Busy and ups and downs and around about

 

It’s been a fairly busy few days, 4 gigs in a row and a bit of website stuff to sort out for the Delta Ladies.  Plus I am working on a  new tune or two and have now managed the basic track for a new song. The lyric is incomplete at present, but I have the main part and  the chorus. It’s a funny thing but although I am quite competent technically I occasionally get a bit of a block and for get whats possible. I try to keep the focus on the musical aspect and not the production part, but you can get blown off course.  The almost limitless options in terms of production on even the most humble demo home studio really does mean its just a matter of your own creativity. You can’t really blame the gear anymore.  I remember saving up my penny’s when the first Teac Portastudio 144 appeared and having great fun with it over the years. It was very simple but gave good results. In those days you had to actually worry about head room and signal to noise big time.  Now all that’s pretty much an irrelevance, just make sure you record to -4db as peak and you are sorted.  I think you had to have more of a sense of adventure then to actually make something special.

The next big deal for me was when I got my Korg W1fd. I had had various keyboards before but this was my first workstation that I could build up complicated arrangements on.  It also had a real time sequencer, so that was a great leap for forward for me.  Before that I had a couple of Korg analogue synths (one was the Monopoly), but I never really got the full potential out of them. I then got a Yamaha Piano and started learning Piano as opposed to keyboard playing.  One thing I regret selling though was a not particularly good fretless bass, I could play it a bit and even used it on a few recordings, but lack of space and funds caused me to get rid of it in the end. It’s fun playing a bass. Maybe I will get another one some time 😉

View from the stage Millfield Theatre

Another regret is that I never did master sight reading music,  but I had been playing by ear for a long time.  I started working on it about ten years ago, but I am still pretty crap at  it. I can do lead sheets fairly well though.
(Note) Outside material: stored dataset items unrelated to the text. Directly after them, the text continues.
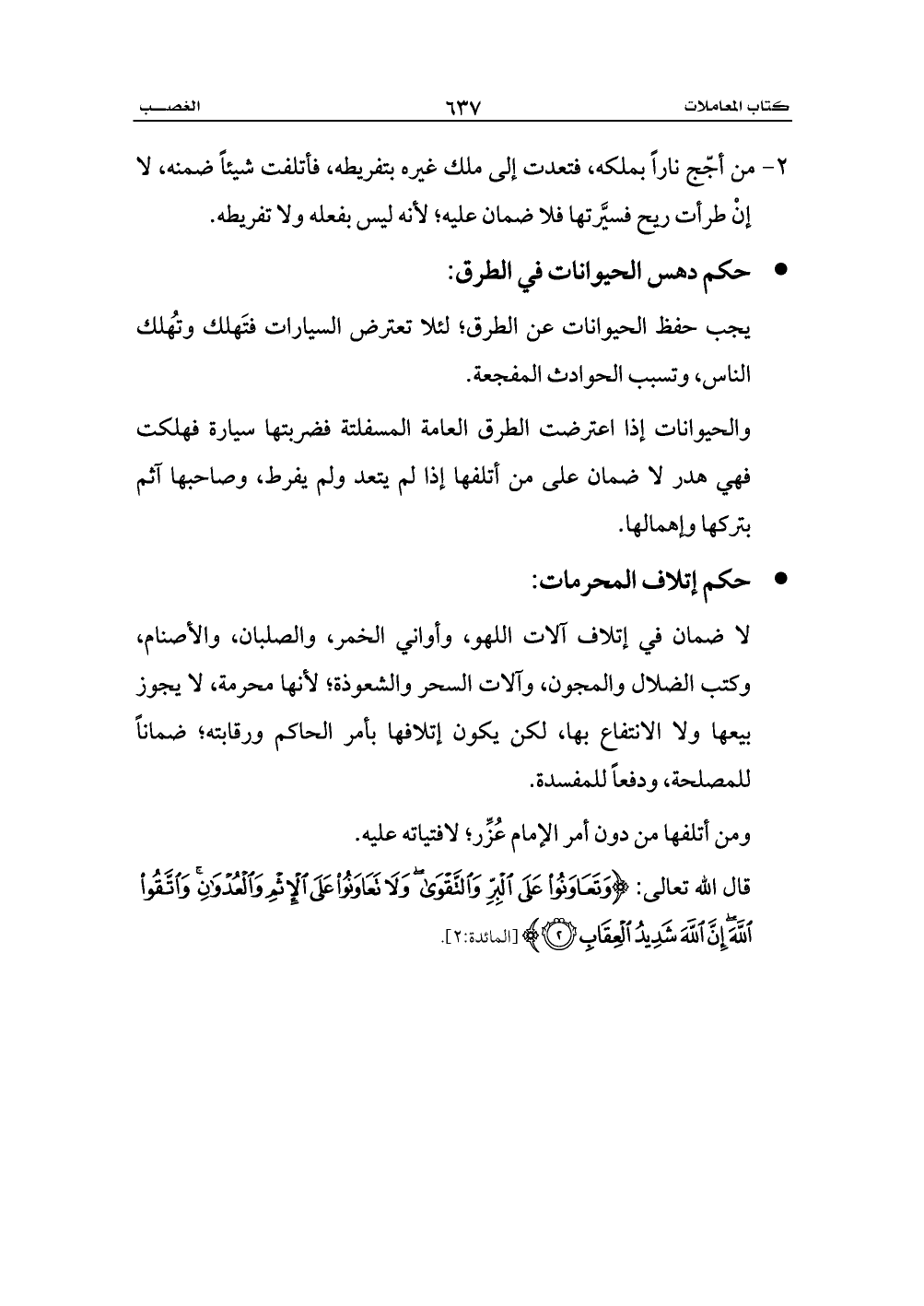 2 - من أجّج ناراً بملكه، فتعدت إلى ملك غيره بتفريطه، فأتلفت شيئاً ضمنه، لا إنْ طرأت ريح فسيَّرتها فلا ضمان عليه؛ لأنه ليس بفعله ولا تفريطه.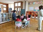 朝のおはなし会が始まりました。今年度は、水曜日に実施の予定です。メンバーは、おはなしボランティア7名で担当していただきます。子どもたちは、真剣に耳を傾けていました。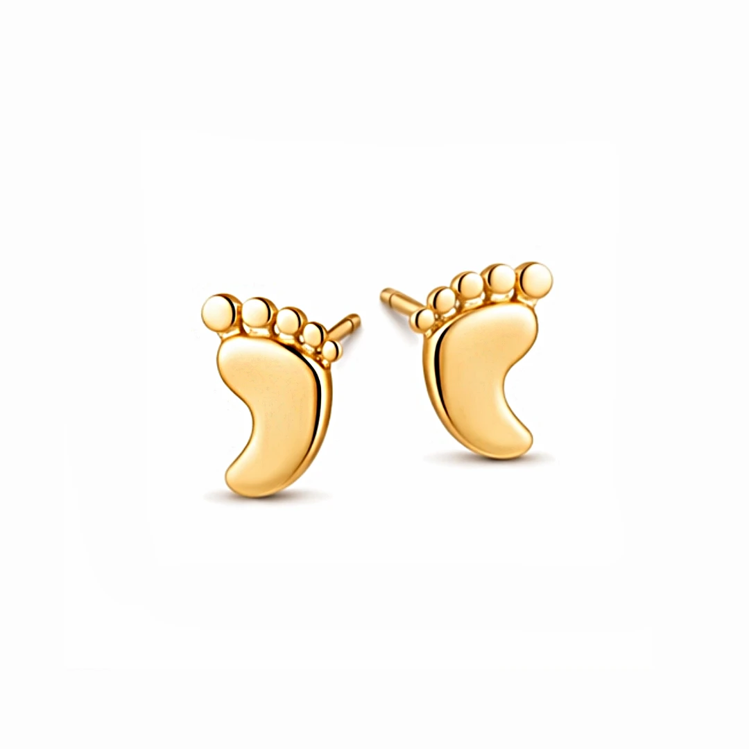 Złote Kolczyki "Małe Stópki" – Urocze Kolczyki z Cyrkoniami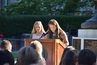 Bronxville High School seniors Lilly Harbin and Grace Stephens addressed their classmates during a memorial tribute for the victims and heroes who lost their lives on 9/11.

I am dyslexic, and I wonder if the 2 things are related.  Still that’s life I guess and I wonder if I would have been inspired to do the other stuff if I had been playing by the rules.  Its interesting that many iconic songs have been created by people who have inherent musicality but have not had any formal training. Of course the reverse is also true at times.

I sing, but I am never happy with my voice. Not much I can do about that really. But I shall still keep singing.  My musical tastes are very eclectic, so the stuff I create and write is very wide ranging. That keeps it fun though not everything works of course. I first picked up an instrument about 1968 I guess and my first instrument was a Harmonica. I never really got much out of it, then I attempted guitar which was a bit more successful. Then came the violin which was difficult. So difficult that I gave up after 6 months or so. But  about a year later I thought I would  have another try. I got a slightly better instrument, which I still have in my collection and spent about 18 months fighting with it, but this time with more success.
Day jobs of many different flavours and finally a 13 year dabble in IT databases websites and programming whilst being a Civil Servant at  which point various problems caught up with me, and I ended up leaving a stable job and leaping in to the void. I seem to be still here but I can just about keep my head together on good days. At other times I don’t  do that well but I do better than others in my situation.
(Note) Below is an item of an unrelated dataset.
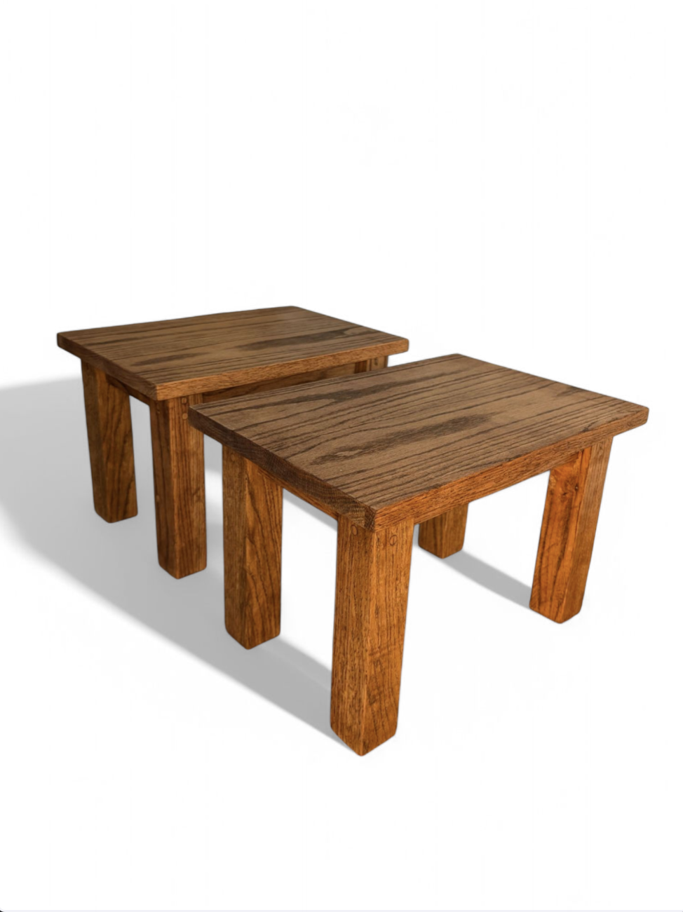 These small oak end tables are a perfect blend of charm and functionality. Crafted from solid oak, they showcase the wood’s rich grain and warm tones, adding a touch of natural beauty to any space. Their compact size makes them ideal for placement beside a sofa, chair, or bed, providing a sturdy surface for lamps, books, or décor. Built with clean lines and a durable finish, these tables offer both timeless style and everyday practicality, making them a versatile addition to any home.

I very rarely played live until I joined Elephant Shelf  (now defunct)12 years back at the tender age of 48,  But I have done about  1500 gigs, so I have a bit of live experience under my belt now.
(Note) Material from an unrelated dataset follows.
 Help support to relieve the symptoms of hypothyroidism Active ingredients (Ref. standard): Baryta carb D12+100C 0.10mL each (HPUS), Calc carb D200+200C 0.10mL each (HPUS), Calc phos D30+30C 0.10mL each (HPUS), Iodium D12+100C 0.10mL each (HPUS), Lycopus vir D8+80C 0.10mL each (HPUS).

Elephant Shelf band, Catford, London UK 02.12.11
So that’s me, the depressive dyslexic and often cripplingly shy  person who strangely finds one’s self performing in front of the public.  Occasionally I even tell jokes on stage, but once the lights go off I am soon back in my shell.

The way the world is now,  is there is a lot to concern me, but I can’t write protest songs with lyrics that anyone can understand. I am not going to save the world with a song, but I might know some folks that can.